When I threw in the towel I joined up with a company where I was between the engineering and data science teams, over the course of a year I had figured out most of why our Python systems were not entirely reliable but the company was pivoting a lot and towards the end I was writing more typescript + Scala. Even though I had the physics education I felt my long experience as an applications developer was more important to this role: we had data scientists who were better at creating models than me, but most of them worked in Jupyter Notebooks and didn't have a clear idea of how to take the code they wrote and make it reusable: how to make the "monthly sales report" as opposed to the "April sales report". It was my role to get that discipline in terms of collaboration w/ the data sci's, the process we used, and as embodied in the software I developed.
It was a great experience but also a bit disorganized as we were trying to develop a product but also having to change tack every week to accommodate project work for A-list companies we had as customers. We had a system called "Themis" that was used to build training sets that worked but I disagreed with architecturally (#1 requirement is not sweating it when your A-list company needs something really different). I wrote up a description of a system called "Nemesis" which the company didn't go with but I developed a number of (image|document|comment|job advertisement)-sorters on my own account afterwards that were all called "Nemesis" until I had a vision which lead to YOShInOn and the newer FraXinus which is meant to be an everything sorter. We were working on CNN-text models at this time, BERT came out and we thought it was a big advance but we had no idea how big it would be.

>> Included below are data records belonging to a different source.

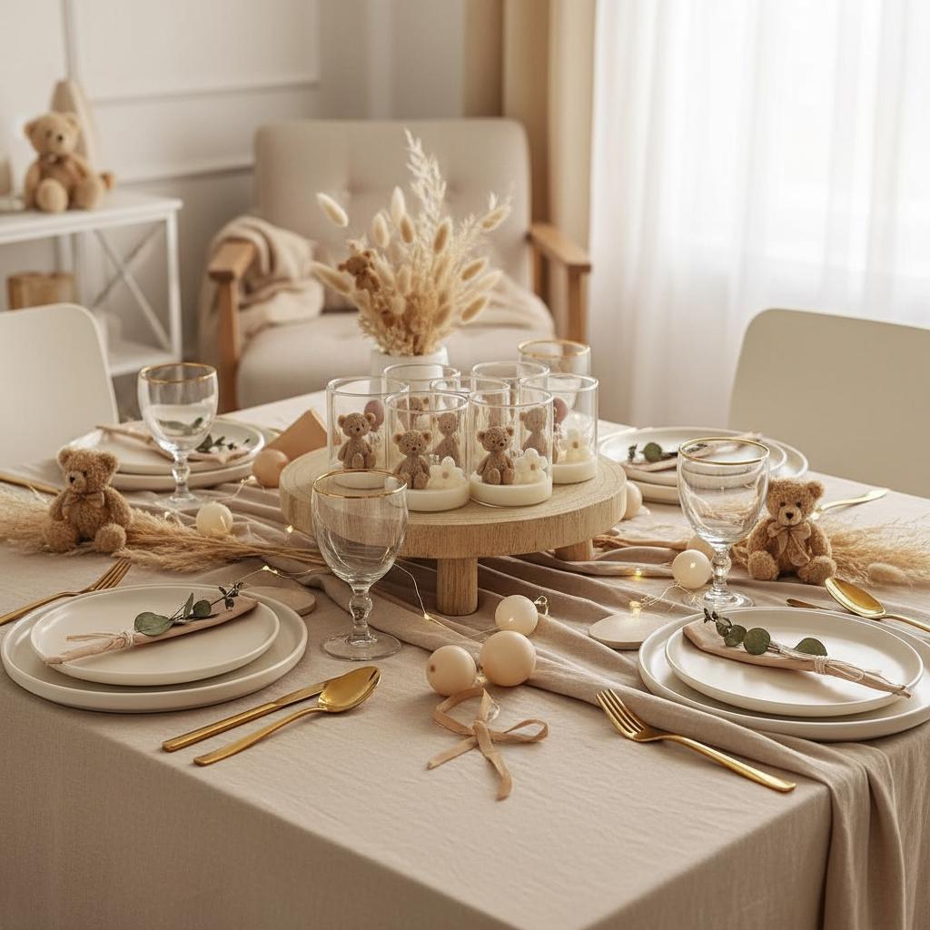 Custom Set of 5 Baby Shower Candles: Handmade Soy Wax Teddy Bear Favors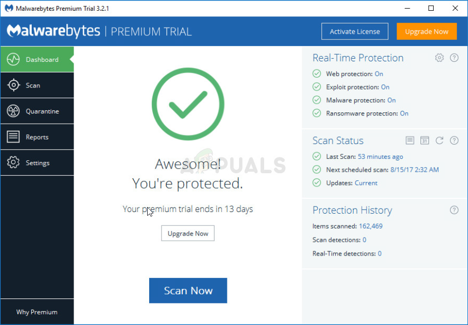 The best bet is to get rid of malicious apps by using Malwarebytes Anti-Malware which is a great antivirus tool with a free trial version. Fortunately, you won’t need the program after you solve this issue so make sure you download the free trial version from here.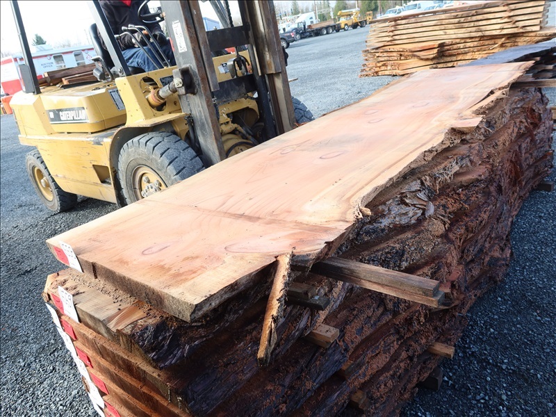 2-1/2" X 124" 2-YEAR AIR DRY LIVE EDGE REDWOOD SLAB (LARGE END 32", SMALL END 29", MEASUREMENTS ARE APPROX)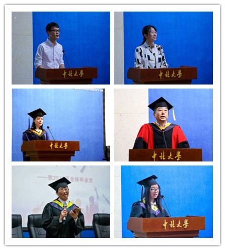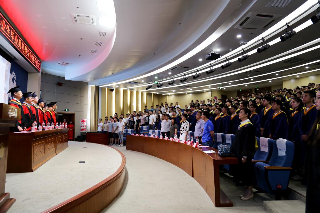 关于授予2018届毕业生孙陇平等253名同学学士学位的决定》。为了营造此次典礼严肃而不失乐趣的氛围,大会中间还安排了发红包、抢红包活动。其中,首届毕业生捐赠仪式也在有条不紊地进行着,使得现场热情高涨。大会中,为了表达能动学子们对于母校和恩师的感恩之情,研究生代表刘思蓉和本科生代表王茜上台讲述了自己难以磨灭的求学生涯,其中包括对恩师的感谢,对母校的不舍以及对时光荏苒的感怀。除此之外,在校生代表学生会主席程志豪也对毕业的学长学姐们表达了自己的美好祝福。同时,作为教师代表的吕彩琴老师寄语同学们:今日的毕业是人生的另一个开始,希望你们能提前做好人生规划,一路前行。此时,离别的伤感充斥着会场。特别是,一个《老班想对你说――》的视频引得毕业生们感触颇深,潸然泪下。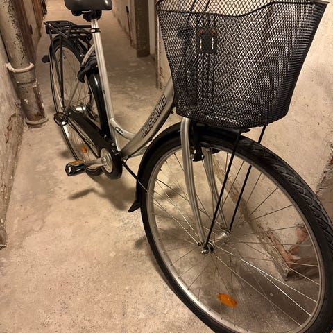 Bemærk at den er stor, 99cm til sadlen når den er i bund.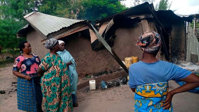 Women are seen in front of destroyed house in Salama village, Lamu County, Kenya on June 26, 2023. PHOTO | KALUME KAZUNGU | NMG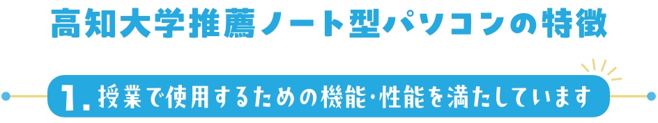 高知大学推薦ノート型パソコンは、高知大学の教職員が選定しています。そのため、授業で使用するために大学が設定した要件(機能・性能)を大幅にクリアしています。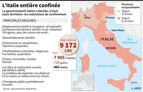 En Italie, le pays européen le plus touché par l'épidémie, le gouvernement a annoncé lundi soir 9 mars la suspension de toutes les compétitions sportives, et donc de la Serie A, jusqu'au 3 avril.

I was burned out from working remote so I went looking for an local job which means doing more ordinary stuff like React programming but I sometimes I get to do some more systems oriented stuff such as writing parsers and code generators and such. At the end of my ML phase I felt that (1) it was more important to have the appropriate labeled data rather than the best models, and (2) UI was the bottleneck for (1) so it was worth "getting gud" at UI so I have. I still have my side projects.
This book is a very good introduction to designing Machine Learning Systems for production: https://www.amazon.com/Designing-Machine-Learning-Systems-Pr...
This blog by the same author is highly recommended as an intro into building production grade AI and ML systems: https://huyenchip.com/2023/04/11/llm-engineering.html
To summarize answers to your questions:
(1) Yes it is wise to do this transition especially at an inflection point in the zeitgeist of the times as now
(2) Yes
(3) See above for resources on how to get started and reach mastery in the craft of ML Engineering.